In Puerto Rico, Kamala Harris' victory was resounding – and purely symbolic. Harris, the Democratic candidate in the November 5 US presidential election, won this Spanish-speaking Caribbean island by a wide margin: 73.4% of the vote against just 26.6% for Donald Trump, her Republican Party opponent, with a turnout rate of 57.5%. But the outcome here had no impact on the outcome of the national election.

This is because the 3.2 million inhabitants of this territory, given the ambiguous status of "free associated state," cannot participate in presidential elections or appoint elected representatives to Congress. As a result, "many Puerto Ricans feel like they are treated as second-class citizens," pointed out Luis Ayala de la Cruz, a professor of US history at the University of Puerto Rico.

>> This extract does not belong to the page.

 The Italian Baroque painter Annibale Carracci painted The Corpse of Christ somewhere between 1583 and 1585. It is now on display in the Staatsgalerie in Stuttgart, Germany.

It was the first election of its kind held on the island. "Although it was symbolic, [it] proved that if Puerto Rico were to become a state, it would probably be a Democratic one," said José Antonio Molinelli Gonzalez, a professor of political science at the Inter American University of Puerto Rico.

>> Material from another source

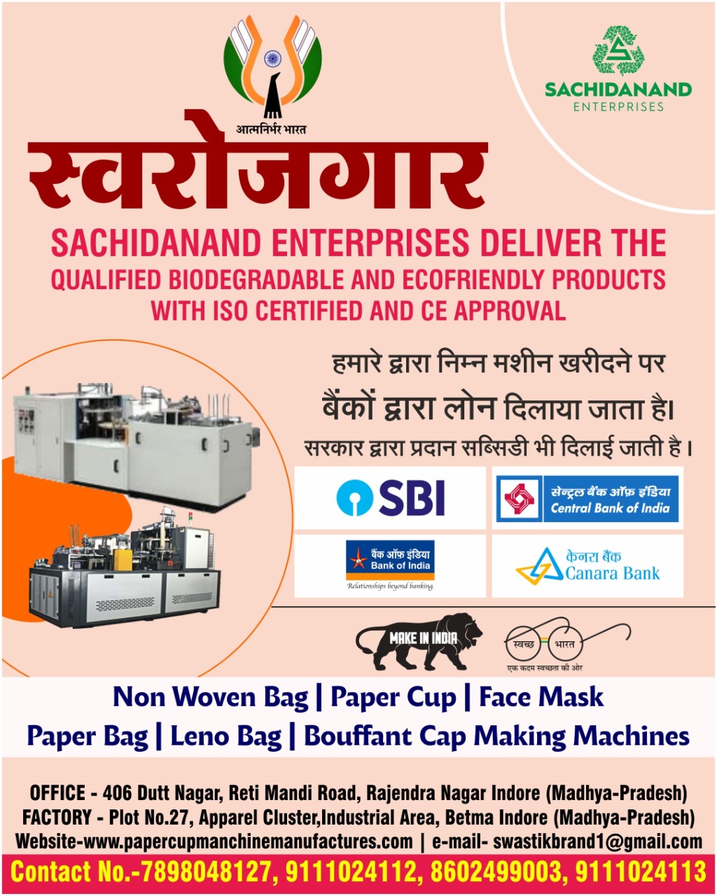 स्वरोजगार Sachidanand Enterprises deliver qualified biodegradable & ecofriendly products with ISO certified & CE approval.

But could the territory one day become the 51st state? At any rate, this is what a majority of Puerto Rican voters wants. Although it was overshadowed by the presidential election, there was also a referendum on the November 5 ballot that offered Puerto Rican voters three options: US statehood, independence or sovereignty in free association (as defined by the United Nations and not in its current hybrid form). US statehood came out well ahead, with 56.9% of the vote against 31% for independence and a turnout rate of 57%. The profoundly unpopular status quo was not among the possible choices.

This is not the first time that Puerto Ricans have expressed this opinion at the ballot box. The November 5 referendum was the seventh of its kind since the 1960s. Puerto Rico, formerly a Spanish colony, was annexed by the US in 1898 and adopted its Constitution in 1952, after which it became an "unincorporated, organized territory," according to the prosaic terminology used in Washington. The three previous elections – in 2012, 2017 and 2020 – had also ended in victory for the pro-estadidad ("statehood") camp.

Puerto Ricans have long embraced the status of free associated state, as it combines "the best of both worlds," according to Molinelli – namely, "the preservation of the cultural and economic sovereignty of the Puerto Rican nation while still maintaining close ties to a great power like the United States." However, in recent decades, as the territory has sunk into a deep economic crisis, this argument has become "less attractive" compared to the alternatives. "The estadidad narrative responds to a desire for equality with the rest of the United States, and the independence narrative is about the struggle for lost sovereignty."